* Problem description
Some of the lines below need repeating. Reproduce exactly those between the lines holding "Ogółem widać, że" and "Traditional water pot", inclusive.

== Materials provided

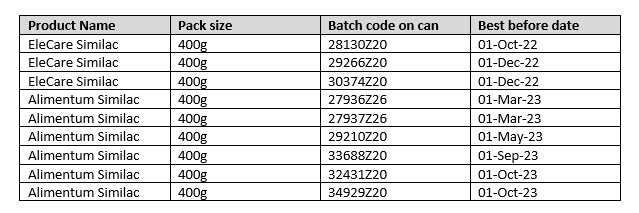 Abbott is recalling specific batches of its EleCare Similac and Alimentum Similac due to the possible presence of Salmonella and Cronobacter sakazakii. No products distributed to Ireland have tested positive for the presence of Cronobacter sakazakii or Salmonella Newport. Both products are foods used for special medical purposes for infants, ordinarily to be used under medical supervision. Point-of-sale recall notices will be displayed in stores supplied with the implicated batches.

====
== Materials provided

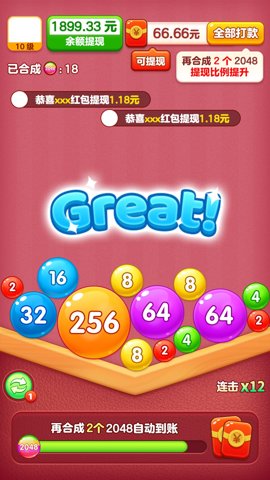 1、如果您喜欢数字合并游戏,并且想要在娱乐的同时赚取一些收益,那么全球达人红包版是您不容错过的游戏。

====
== Materials provided

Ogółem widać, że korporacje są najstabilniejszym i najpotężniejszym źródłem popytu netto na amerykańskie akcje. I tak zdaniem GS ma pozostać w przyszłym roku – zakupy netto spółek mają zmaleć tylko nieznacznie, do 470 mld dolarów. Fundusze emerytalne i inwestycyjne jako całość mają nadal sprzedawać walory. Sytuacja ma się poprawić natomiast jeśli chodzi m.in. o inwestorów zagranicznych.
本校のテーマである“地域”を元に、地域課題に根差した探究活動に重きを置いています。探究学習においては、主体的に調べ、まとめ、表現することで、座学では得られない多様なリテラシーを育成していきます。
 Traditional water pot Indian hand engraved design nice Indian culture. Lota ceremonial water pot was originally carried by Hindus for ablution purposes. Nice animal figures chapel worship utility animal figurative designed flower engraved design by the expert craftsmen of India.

====

* Exercise response
Ogółem widać, że korporacje są najstabilniejszym i najpotężniejszym źródłem popytu netto na amerykańskie akcje. I tak zdaniem GS ma pozostać w przyszłym roku – zakupy netto spółek mają zmaleć tylko nieznacznie, do 470 mld dolarów. Fundusze emerytalne i inwestycyjne jako całość mają nadal sprzedawać walory. Sytuacja ma się poprawić natomiast jeśli chodzi m.in. o inwestorów zagranicznych.
本校のテーマである“地域”を元に、地域課題に根差した探究活動に重きを置いています。探究学習においては、主体的に調べ、まとめ、表現することで、座学では得られない多様なリテラシーを育成していきます。
 Traditional water pot Indian hand engraved design nice Indian culture. Lota ceremonial water pot was originally carried by Hindus for ablution purposes. Nice animal figures chapel worship utility animal figurative designed flower engraved design by the expert craftsmen of India.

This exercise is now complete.